Source: McKinsey.com

And here’s the good news. Five industries—agriculture, oil and gas, coal mining, solid waste management, and wastewater—account for almost all of human-made methane emissions. There are practical things these industries can do, right now, at reasonable cost and using existing technologies, that could cut emissions by almost half (46 percent) in 2050. That said, it will be easier for some industries than for others. Take agriculture. Most of its emissions come from cows and sheep, which produce methane during digestion; in fact, animals account for more carbon dioxide equivalent (CO₂e) emissions than every country except China, according to a recent McKinsey report. Dealing with billions of animals, dispersed on farms small and large all over the world is, to put it mildly, complicated. Certain kinds of feed additives, for example, can reduce the formation of methane, cow by cow—but is expensive ($50 per tCO₂e and up). This add costs to farmers, without any economic benefits to them, and makes food more expensive. That’s a tough sell.

On the other hand, the energy industry accounts for 20 to 25 percent of methane emissions; its operations are fairly consolidated, and there are significant resources and expertise at hand. Plus, in many cases, there are genuine economic opportunities. For example, plugging methane leaks means less gas gets lost. Large volumes of methane emissions that are now treated as a waste could be recovered and sold as natural gas—something that is not always economic to do, but could be as gas prices rise or conditions change. According to the International Energy Agency (IEA), the industry flares approximately 90 Mt of methane per year, losing $12 billion to $19 billion in value. Over time, too, normal maintenance and upgrading strategies can also reduce emissions, for example, by replacing pumps with instrument air systems. There are many different ways to prevent losses in upstream production, including leak detection and repair, equipment electrification, and vapor recovery units.

Source: McKinsey.com

In the short term, meaning over the next decade, the IEA says that these and other changes could reduce emissions 40 percent (at 2019 gas prices), while more than paying for themselves. In effect, there is low-hanging fruit out there. The full potential, according to McKinsey, is 75 percent fewer emissions by 2050, but to get there, things get more expensive, somewhere in the range of $20 per tCO₂e.

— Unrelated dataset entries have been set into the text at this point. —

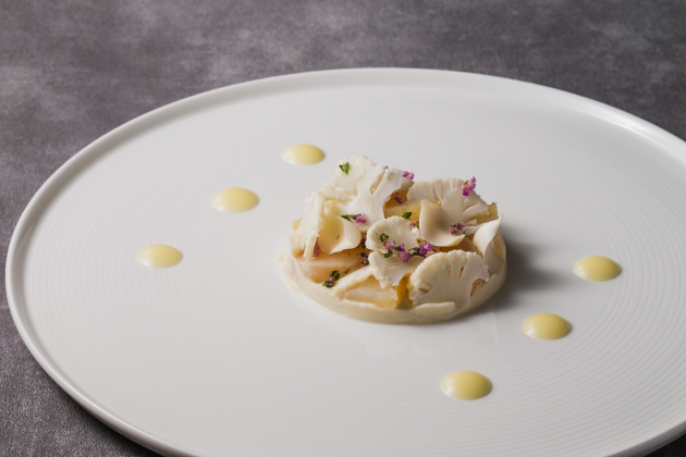カリフラワーとゆり根の異なる食感が楽しい『鯛の燻製とホタテ貝柱の炙り』から始まり、
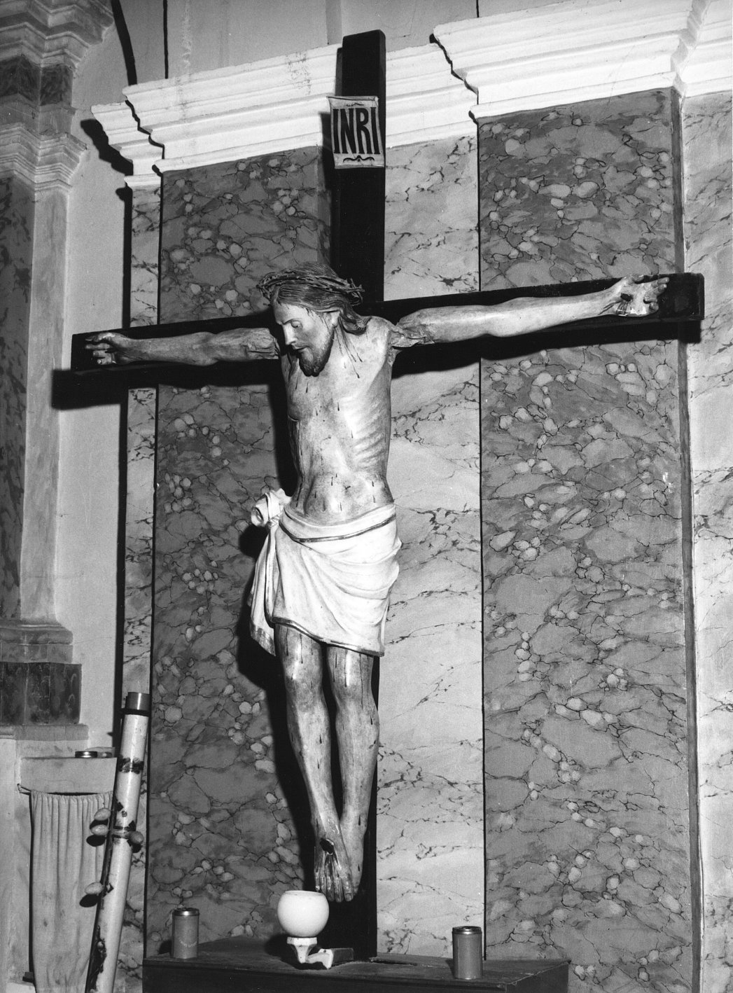 • NOTIZIE STORICO CRITICHE Dalla scheda del 1989: "Le ridipinture e le manomissioni subite dall'opera non permettono una puntuale valutazione critica della figura del Cristo crocefisso, comunque vivacemente modellato.L'opera appare databile al pieno XV sec. ed attribuibile ad un artista di formazione meridionale, forse locale, ancora legato a modelli e stilemi di origine medievali". Dalla scheda del 1973 "Il Crocefisso ha una modellazione naturalistica, priva di stilemi espressivi vivaci, così da essere indotti ad escluderne una datazione consona a riflessi di gusto "barocco" o ad esso posteriore. Peraltro anche un riferimento cronologico cinquecentesco non pare pienamente convincente, specialmente per l'osservazione della falcatura lineare del perizoma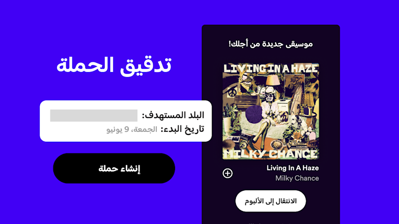 هذه الاقتراحات التي تظهر داخل التطبيق هي أفضل طريقة لجذب المستمعين المستهدفين إلى التركيز على إصدارك الجديد على Spotify. اعرَف آلية عمل الأداة وسر نجاحها وكيفية حجز حملاتك الخاصة.

Naturally, oil and gas players are not eager to embrace added costs, and these will eventually be passed on to consumers. But the industry is looking at a future that is carbon-constrained in one way or another, either through a price on carbon, or regulation, or both. It might well be that addressing methane emissions provides a way to decarbonize its operations at reasonable cost. And while there is little brand equity to natural gas at the moment—no one shops for it by name—it is possible that in decades to come, companies that can show they are producing low- or zero-carbon gas might be able to command a price premium.

Much of the oil and gas industry doesn’t disagree with this analysis. The International Group of Liquefied Natural Gas Importers, a trade group, has made the case that “abating greenhouse gas emissions (from wellhead to terminal outlet), in particular fugitive methane emissions,” is important. On the oil side, the American Petroleum Institute, as part of its climate action plan, has called for the development of methane detection technologies, and reducing flaring to zero: “We support cost-effective policies and direct regulation that achieve methane emission reductions from new and existing sources across the supply chain.” And the Oil and Gas Climate Initiative, whose companies account for almost 30 percent of global production, are also on board, calling the reduction of methane emissions to near zero “a top priority.” Back in 2017, the Houston Chronicle, the home paper of the Texas oil and gas industry, argued for better practices: “If Texas wants the world to buy our LNG exports, a sign of environmental good faith would go a long way.” And in fact there has been progress: the OGCI estimates that methane emissions are have declined 33 percent from 2017-20.

On the whole, then, this looks like one area of climate policy where there is broad consensus. Methane matters. According to one science paper, dealing with it “could slow the global-mean rate of near-term decadal warming by around 30 percent.” Just the oil-and-gas industry’s share, then, could make a measurable difference. I am not saying getting methane emissions way down will be easy, but the industry knows what to do and how to do it. It is in its interest, and that of the planet, to do so.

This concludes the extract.